## EXERCISE DIRECTIONS
Apart from the pictures, which must be omitted, restate the data exactly.

## INFORMATION SHOWN
• • •

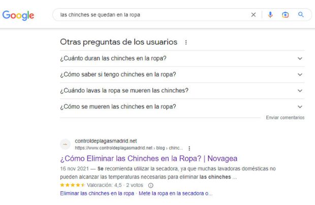 En este resultados podemos ver la búsqueda del conjunto de palabras clave “Las chinches se quedan en la ropa” dónde Novagea aparece en segunda posición.
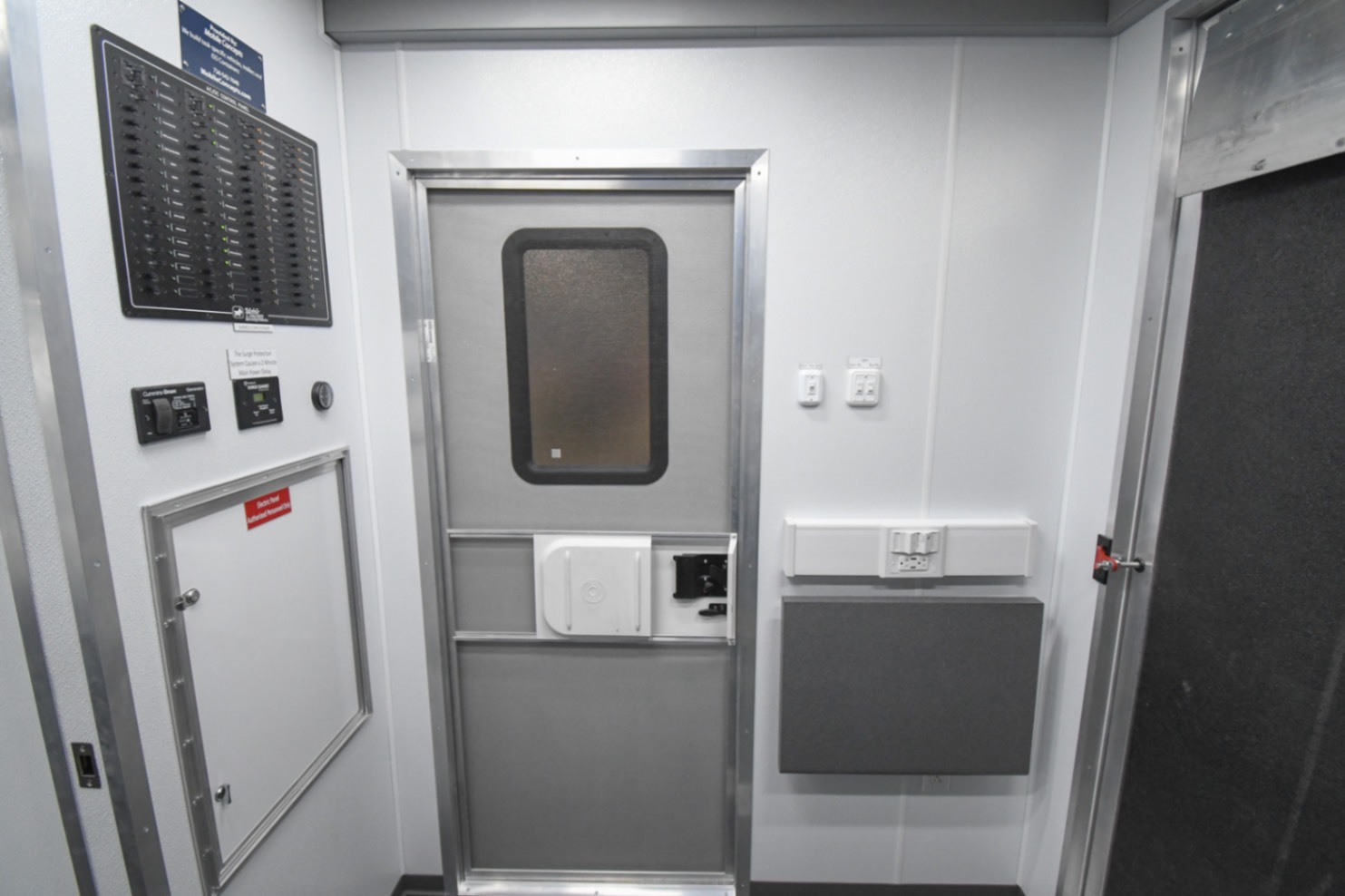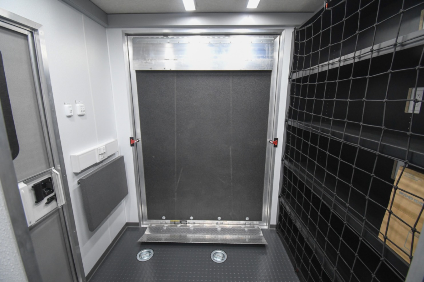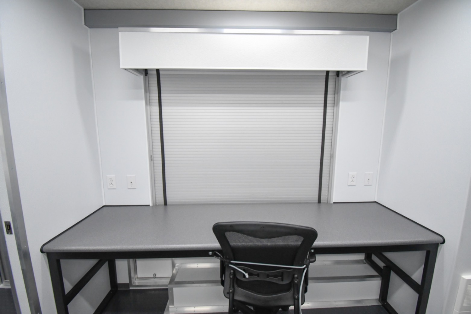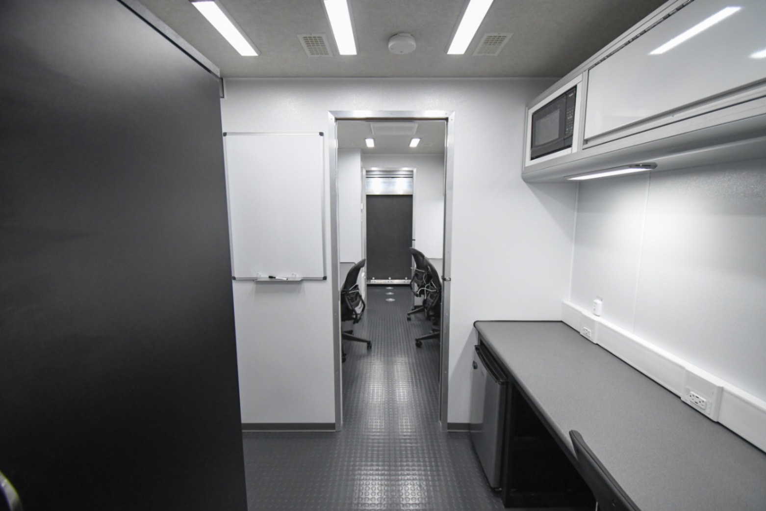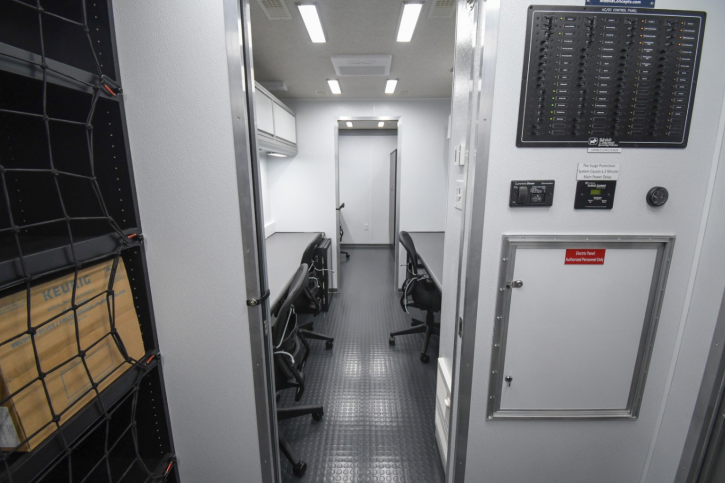This Command 31-4WS was made for the Naval Surface Warfare Center (NSWC) in Crane, IN. Not only does it serve as a command center, but it also acts as a drone observation trailer. For that purpose, it’s been equipped with four workstations, one 62×52″ roll-up door, three 24″ monitors, one electronics rack with an exterior access door, one storage cabinet with four shelves, rear shelving with cargo netting, a floatograph mast, a 5′ wide rear ramp door, one roof access ladder, and an 8×8 roof antenna rail system.
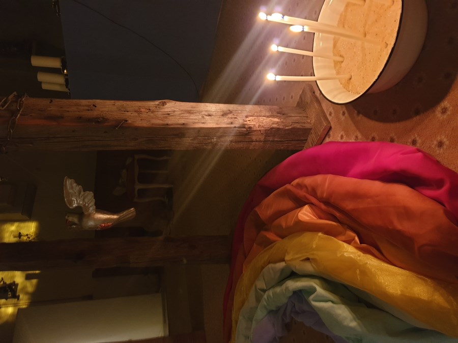 Doch nach dem Festgottesdienst ist es noch nicht vorbei mit Veranstaltungen zum Jubiläum. Am Samstag, 16.07., fand wieder eine „Auszeit“ im Kirchwald statt. Die Andacht war diesmal mit dem Thema „Taizé“ überschrieben. So wurde am Abend viel gesungen und die Atmosphäre der Gemeinschaft im Kirchenraum genossen.
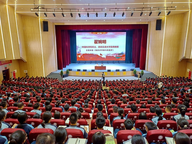 9月11日,由中共成都市郫都区委宣传部、中共成都市郫都区委统战部、西南交通大学主办,tyc41183太阳成集团和成都工业学院协办的郫都区大中小学生“全区共上一节思政课”暨科学家精神进校园活动在郫都一中大礼堂举行。我校50名师生现场聆听了我国铁路工程动力学专家、中国科学院院士、西南交通大学首席教授翟婉明作的题为《我的求学与交通梦》的思政课。

• • •

## RESPONSE TO THIS EXERCISE
 En este resultados podemos ver la búsqueda del conjunto de palabras clave “Las chinches se quedan en la ropa” dónde Novagea aparece en segunda posición.
This Command 31-4WS was made for the Naval Surface Warfare Center (NSWC) in Crane, IN. Not only does it serve as a command center, but it also acts as a drone observation trailer. For that purpose, it’s been equipped with four workstations, one 62×52″ roll-up door, three 24″ monitors, one electronics rack with an exterior access door, one storage cabinet with four shelves, rear shelving with cargo netting, a floatograph mast, a 5′ wide rear ramp door, one roof access ladder, and an 8×8 roof antenna rail system.
 Doch nach dem Festgottesdienst ist es noch nicht vorbei mit Veranstaltungen zum Jubiläum. Am Samstag, 16.07., fand wieder eine „Auszeit“ im Kirchwald statt. Die Andacht war diesmal mit dem Thema „Taizé“ überschrieben. So wurde am Abend viel gesungen und die Atmosphäre der Gemeinschaft im Kirchenraum genossen.
 9月11日,由中共成都市郫都区委宣传部、中共成都市郫都区委统战部、西南交通大学主办,tyc41183太阳成集团和成都工业学院协办的郫都区大中小学生“全区共上一节思政课”暨科学家精神进校园活动在郫都一中大礼堂举行。我校50名师生现场聆听了我国铁路工程动力学专家、中国科学院院士、西南交通大学首席教授翟婉明作的题为《我的求学与交通梦》的思政课。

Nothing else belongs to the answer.